> Data records

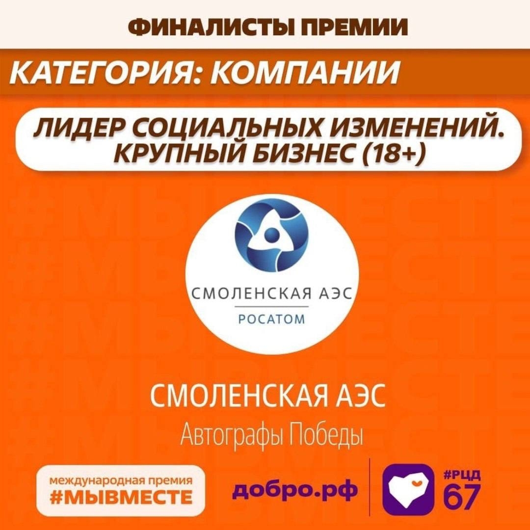 В этом году в финал вышли 90 проектов из 23 стран и 31 региона России, среди которых и работа смолян. Смоленская атомная станция представила инициативу под названием «Автографы Победы!» в категории «Лидер социальных изменений. Крупный бизнес (18+)».
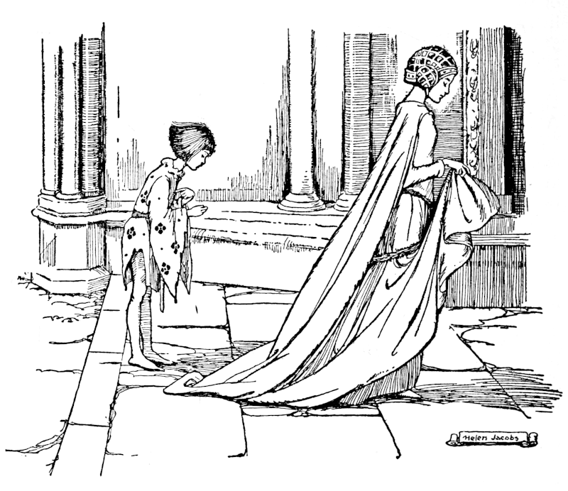 “The men are quite, if not more elegant, than the women,[Pg 163] you see—in this reign of George the Second,” said Godmother. “Here comes one, however, who is by no means well-dressed,” she added, smiling.
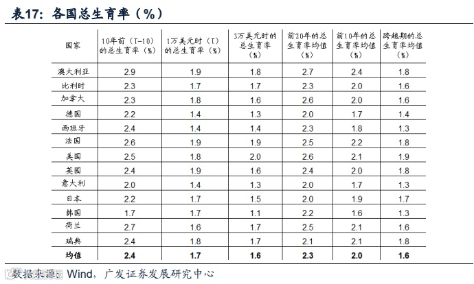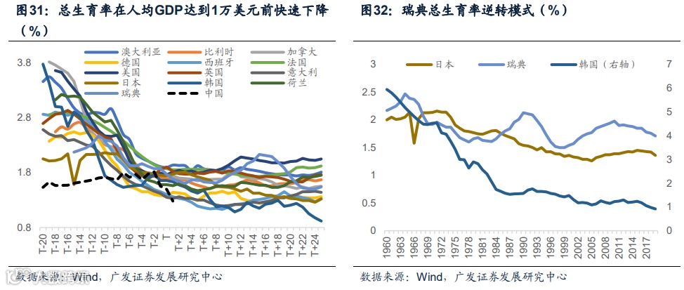 生育率角度,13个国家在人均GDP迈向1万美元时,已经处于工业化、城市化中后期,这一阶段出现了典型的“工业化生育率悖论”,即各个国家在工业化、城市化加速推进过程中,人口出生率随经济发展出现快速下降;而在1万到3万美元的跨越阶段,随着各国进入后工业化阶段,各国出生率基本在低位保持平稳,并未进一步继续大幅下降,并且在个别国家,如瑞典,还出现了总生育率逆转的趋势。此外,整个过程中,大规模移民能够显著抵消生育率的快速下行。
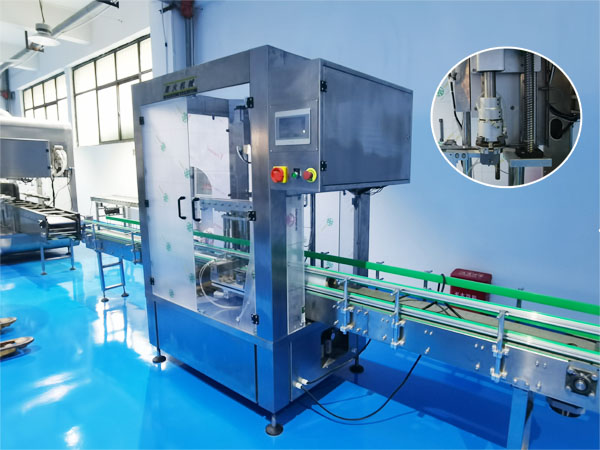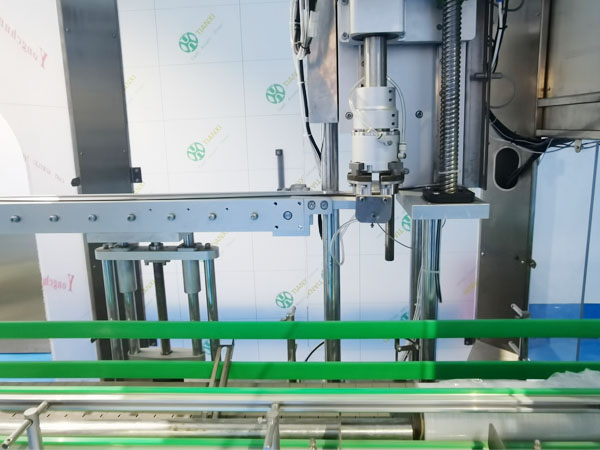 大型旋蓋機械是一款高度自動化的機械設備,它可以根據自身的機械性能與灌裝機、輸送機、貼標機等形成聯動生產線,塑料桶自動旋蓋機的工作方式非常的智能,它通過傳送帶系統帶有商品的塑料桶抵達旋蓋工位后,以定位器將塑料桶固定在旋蓋位置,此時,塑料桶自動旋蓋機的旋蓋頭開始下降并抓緊蓋子,然后按照工作人員設定的扭矩值旋轉至指定的緊固程度,在整個生產過程當中,大型旋蓋機械會根據實際情況自動調整生產速度和力度以確保極佳的生產效果。
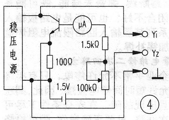 測(cè)試方法:把圖4連入示波器,從圖中可以看出:X軸通道信號(hào)反映了集電極、發(fā)射極偏置電壓的大小,Y軸通道的信號(hào)反映了該電路中三極管Ic的變化,示波器耦合開關(guān)置“DC”擋。斷開1.5V電源,Ib=0,則示波器上出現(xiàn)—條水平亮線。通入1.5V電源,調(diào)整100kΩ電位器值的大小,分別使Ib為20uA、40uA、 60uA、 80uA, 則示波器屏幕上將依次掃描出四條曲線,如圖5所示。由此可以很方便地測(cè)出該晶體管的直流放大倍數(shù),并從曲線的線性度上判別管子的優(yōu)劣程度。
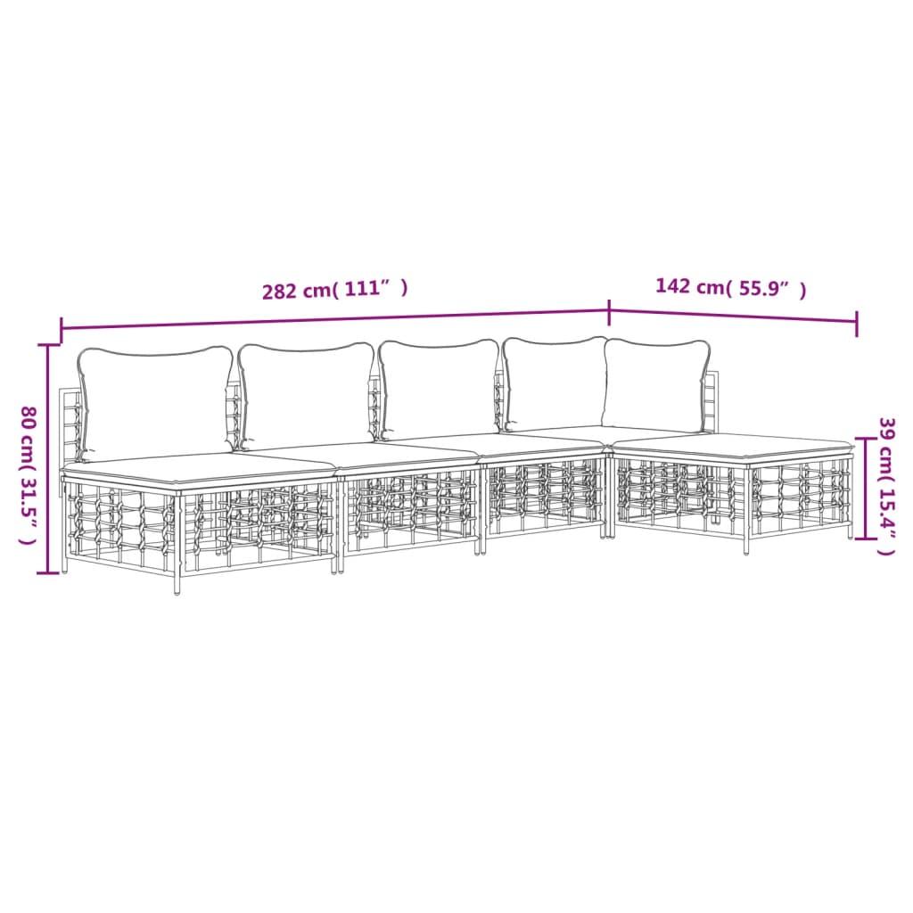 5 Piece Garden Lounge Set with Cushions Anthracite Poly Rattan
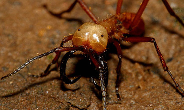 يتواجد هذا النوع من النمل في حوض الأمازون وبعض الدول الآسيوية والأفريقية، ويصل طوله إلى نصف بوصة ولديه أسنان قاطعة، وهو أعمى تماماً مما يجعل وضع فريسته سيئاً عندما يهاجمها، وقد تم تسمية هذا النوع من النمل بالجنود، حيث أنهم لا يقيمون في خلية واحدة بشكل دائم يل إنهم متنقلون بتنظيم مثل الجنود، ويكون هدفهم الأول هو البحث عن الطعام (أي شيء متحرك) بالإضافة إلى توفير المكان المناسب للملكة لكي تنتج بيضها الذي يفقس جنوداً آخرين، وما يجعلهم من أشرس الحشرات هو قدرتهم على الإيقاع بأي كائن حي متحرك مهما كان حجمه من خلال القرض بأسنانهم القاطعة، فنحن هنا لسنا أمام سم قاتل بل أمام حشرات عمياء مفترسة.
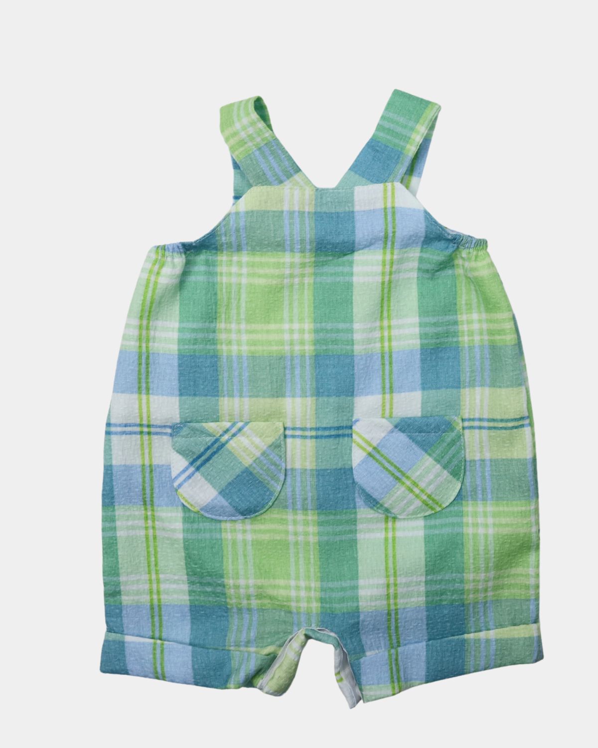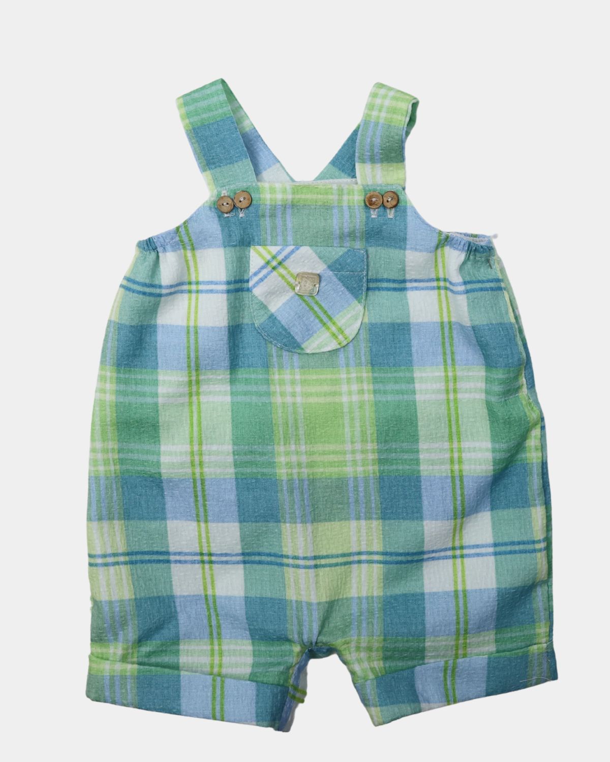 Este pelele de la serie Comporrta, en tonos verdes y azules. Es ideal para bebes debido a su apertura en la entrepierna, con automáticos. Los botones de los tirantes son fijos. En la pechera lleva bordado nuestro anagrama formado por una familia de patos.
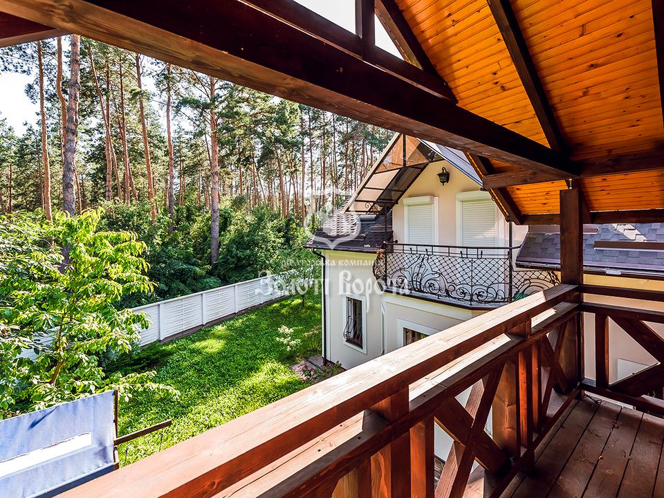 Доглянута ділянка 6 соток з автополивом, де розташовано 2 будинки (основний і гостьовий). Є дитячий майданчик, зона барбекю. Ділянка в оточенні соснового лісу. Встановлена система сигналізації та відеоспостереження.

> EXERCISE BRIEF
From the first line of the entries above through the line with "يتواجد هذا النوع", set down each line exactly and drop the pictures.

> REPLY
 В этом году в финал вышли 90 проектов из 23 стран и 31 региона России, среди которых и работа смолян. Смоленская атомная станция представила инициативу под названием «Автографы Победы!» в категории «Лидер социальных изменений. Крупный бизнес (18+)».
 “The men are quite, if not more elegant, than the women,[Pg 163] you see—in this reign of George the Second,” said Godmother. “Here comes one, however, who is by no means well-dressed,” she added, smiling.
 生育率角度,13个国家在人均GDP迈向1万美元时,已经处于工业化、城市化中后期,这一阶段出现了典型的“工业化生育率悖论”,即各个国家在工业化、城市化加速推进过程中,人口出生率随经济发展出现快速下降;而在1万到3万美元的跨越阶段,随着各国进入后工业化阶段,各国出生率基本在低位保持平稳,并未进一步继续大幅下降,并且在个别国家,如瑞典,还出现了总生育率逆转的趋势。此外,整个过程中,大规模移民能够显著抵消生育率的快速下行。
 大型旋蓋機械是一款高度自動化的機械設備,它可以根據自身的機械性能與灌裝機、輸送機、貼標機等形成聯動生產線,塑料桶自動旋蓋機的工作方式非常的智能,它通過傳送帶系統帶有商品的塑料桶抵達旋蓋工位后,以定位器將塑料桶固定在旋蓋位置,此時,塑料桶自動旋蓋機的旋蓋頭開始下降并抓緊蓋子,然后按照工作人員設定的扭矩值旋轉至指定的緊固程度,在整個生產過程當中,大型旋蓋機械會根據實際情況自動調整生產速度和力度以確保極佳的生產效果。
 測(cè)試方法:把圖4連入示波器,從圖中可以看出:X軸通道信號(hào)反映了集電極、發(fā)射極偏置電壓的大小,Y軸通道的信號(hào)反映了該電路中三極管Ic的變化,示波器耦合開關(guān)置“DC”擋。斷開1.5V電源,Ib=0,則示波器上出現(xiàn)—條水平亮線。通入1.5V電源,調(diào)整100kΩ電位器值的大小,分別使Ib為20uA、40uA、 60uA、 80uA, 則示波器屏幕上將依次掃描出四條曲線,如圖5所示。由此可以很方便地測(cè)出該晶體管的直流放大倍數(shù),并從曲線的線性度上判別管子的優(yōu)劣程度。
 5 Piece Garden Lounge Set with Cushions Anthracite Poly Rattan
 يتواجد هذا النوع من النمل في حوض الأمازون وبعض الدول الآسيوية والأفريقية، ويصل طوله إلى نصف بوصة ولديه أسنان قاطعة، وهو أعمى تماماً مما يجعل وضع فريسته سيئاً عندما يهاجمها، وقد تم تسمية هذا النوع من النمل بالجنود، حيث أنهم لا يقيمون في خلية واحدة بشكل دائم يل إنهم متنقلون بتنظيم مثل الجنود، ويكون هدفهم الأول هو البحث عن الطعام (أي شيء متحرك) بالإضافة إلى توفير المكان المناسب للملكة لكي تنتج بيضها الذي يفقس جنوداً آخرين، وما يجعلهم من أشرس الحشرات هو قدرتهم على الإيقاع بأي كائن حي متحرك مهما كان حجمه من خلال القرض بأسنانهم القاطعة، فنحن هنا لسنا أمام سم قاتل بل أمام حشرات عمياء مفترسة.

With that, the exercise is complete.